RECORDS PROVIDED:

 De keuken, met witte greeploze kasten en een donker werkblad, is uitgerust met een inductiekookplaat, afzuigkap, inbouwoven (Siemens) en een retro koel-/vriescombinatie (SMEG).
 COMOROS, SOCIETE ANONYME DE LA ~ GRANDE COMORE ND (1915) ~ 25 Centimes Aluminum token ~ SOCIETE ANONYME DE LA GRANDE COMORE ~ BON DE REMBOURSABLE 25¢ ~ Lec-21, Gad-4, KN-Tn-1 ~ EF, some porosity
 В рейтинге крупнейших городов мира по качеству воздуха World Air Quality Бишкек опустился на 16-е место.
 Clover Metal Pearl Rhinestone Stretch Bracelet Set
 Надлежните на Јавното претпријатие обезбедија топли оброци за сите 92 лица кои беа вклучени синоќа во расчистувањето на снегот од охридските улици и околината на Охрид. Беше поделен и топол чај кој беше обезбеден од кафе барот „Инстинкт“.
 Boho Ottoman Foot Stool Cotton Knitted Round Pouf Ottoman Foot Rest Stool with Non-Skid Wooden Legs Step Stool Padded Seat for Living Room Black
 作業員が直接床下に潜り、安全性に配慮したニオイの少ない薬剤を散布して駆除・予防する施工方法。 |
* * *
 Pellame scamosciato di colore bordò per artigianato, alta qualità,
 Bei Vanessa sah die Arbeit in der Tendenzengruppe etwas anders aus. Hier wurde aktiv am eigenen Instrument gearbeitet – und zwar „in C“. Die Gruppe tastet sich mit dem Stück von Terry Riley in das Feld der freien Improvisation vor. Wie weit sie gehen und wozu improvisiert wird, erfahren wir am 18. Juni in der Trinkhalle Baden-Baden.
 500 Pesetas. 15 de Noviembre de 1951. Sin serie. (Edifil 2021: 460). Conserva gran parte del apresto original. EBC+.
...
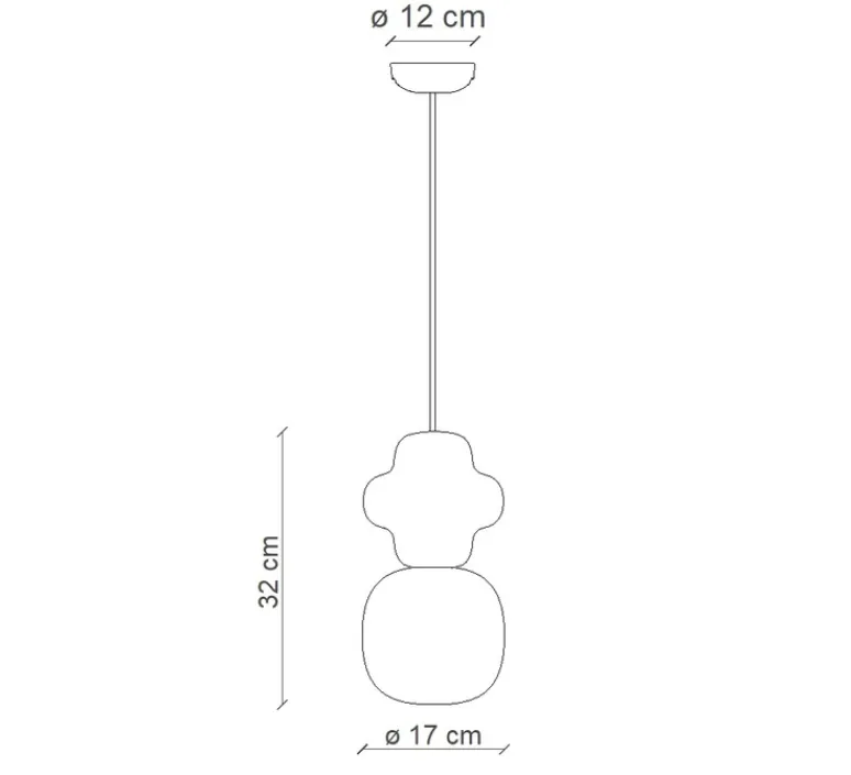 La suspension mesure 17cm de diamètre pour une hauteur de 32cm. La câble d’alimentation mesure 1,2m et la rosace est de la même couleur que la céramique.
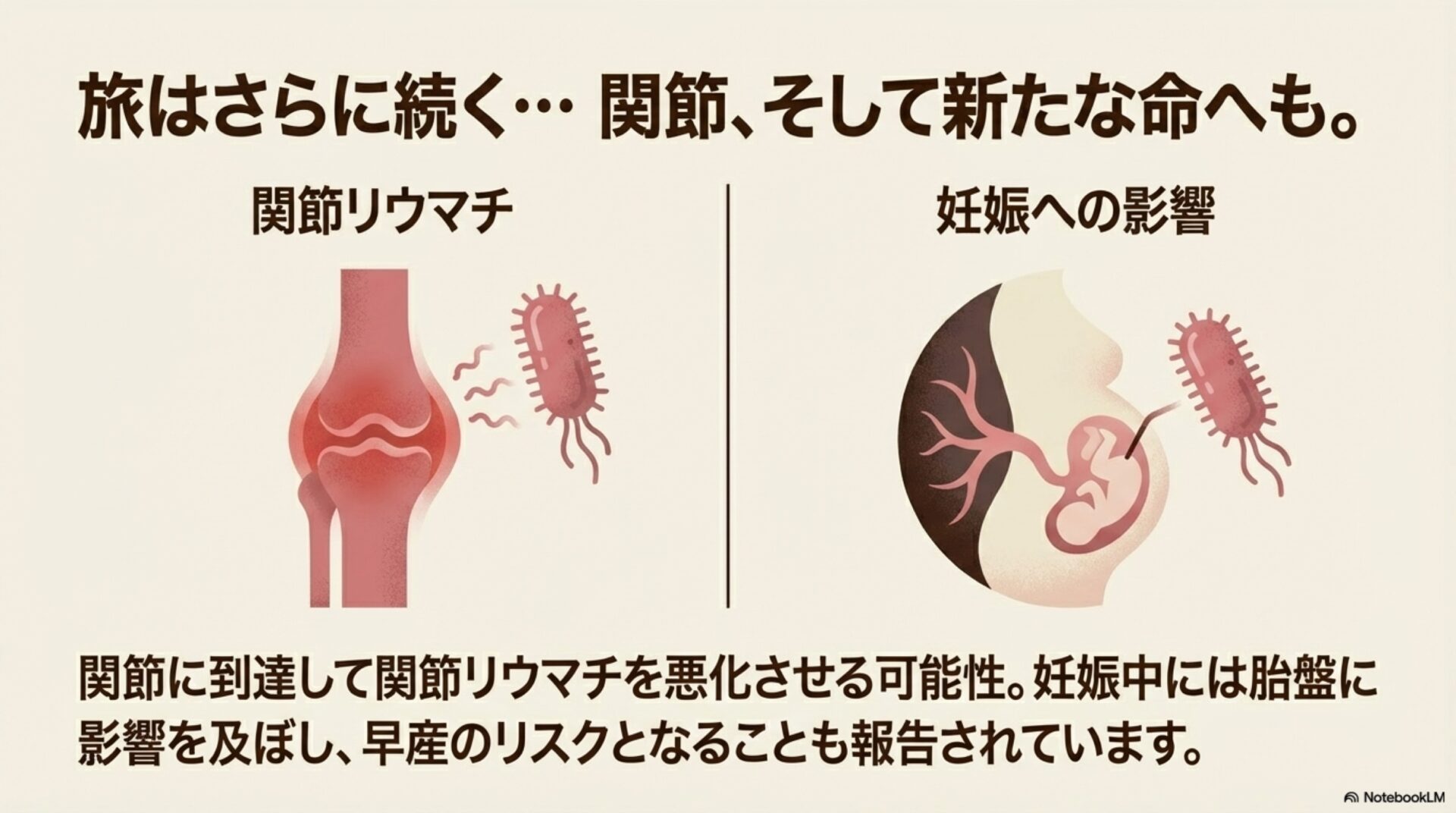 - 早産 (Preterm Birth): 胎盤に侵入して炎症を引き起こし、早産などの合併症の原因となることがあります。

TASK DESCRIPTION: Out of the data above, give again only the lines starting at the one holding "De keuken, met" and ending at the one holding "作業員が直接床下に潜り、安全", unchanged.

RESPONSE TO THIS EXERCISE:
 De keuken, met witte greeploze kasten en een donker werkblad, is uitgerust met een inductiekookplaat, afzuigkap, inbouwoven (Siemens) en een retro koel-/vriescombinatie (SMEG).
 COMOROS, SOCIETE ANONYME DE LA ~ GRANDE COMORE ND (1915) ~ 25 Centimes Aluminum token ~ SOCIETE ANONYME DE LA GRANDE COMORE ~ BON DE REMBOURSABLE 25¢ ~ Lec-21, Gad-4, KN-Tn-1 ~ EF, some porosity
 В рейтинге крупнейших городов мира по качеству воздуха World Air Quality Бишкек опустился на 16-е место.
 Clover Metal Pearl Rhinestone Stretch Bracelet Set
 Надлежните на Јавното претпријатие обезбедија топли оброци за сите 92 лица кои беа вклучени синоќа во расчистувањето на снегот од охридските улици и околината на Охрид. Беше поделен и топол чај кој беше обезбеден од кафе барот „Инстинкт“.
 Boho Ottoman Foot Stool Cotton Knitted Round Pouf Ottoman Foot Rest Stool with Non-Skid Wooden Legs Step Stool Padded Seat for Living Room Black
 作業員が直接床下に潜り、安全性に配慮したニオイの少ない薬剤を散布して駆除・予防する施工方法。 |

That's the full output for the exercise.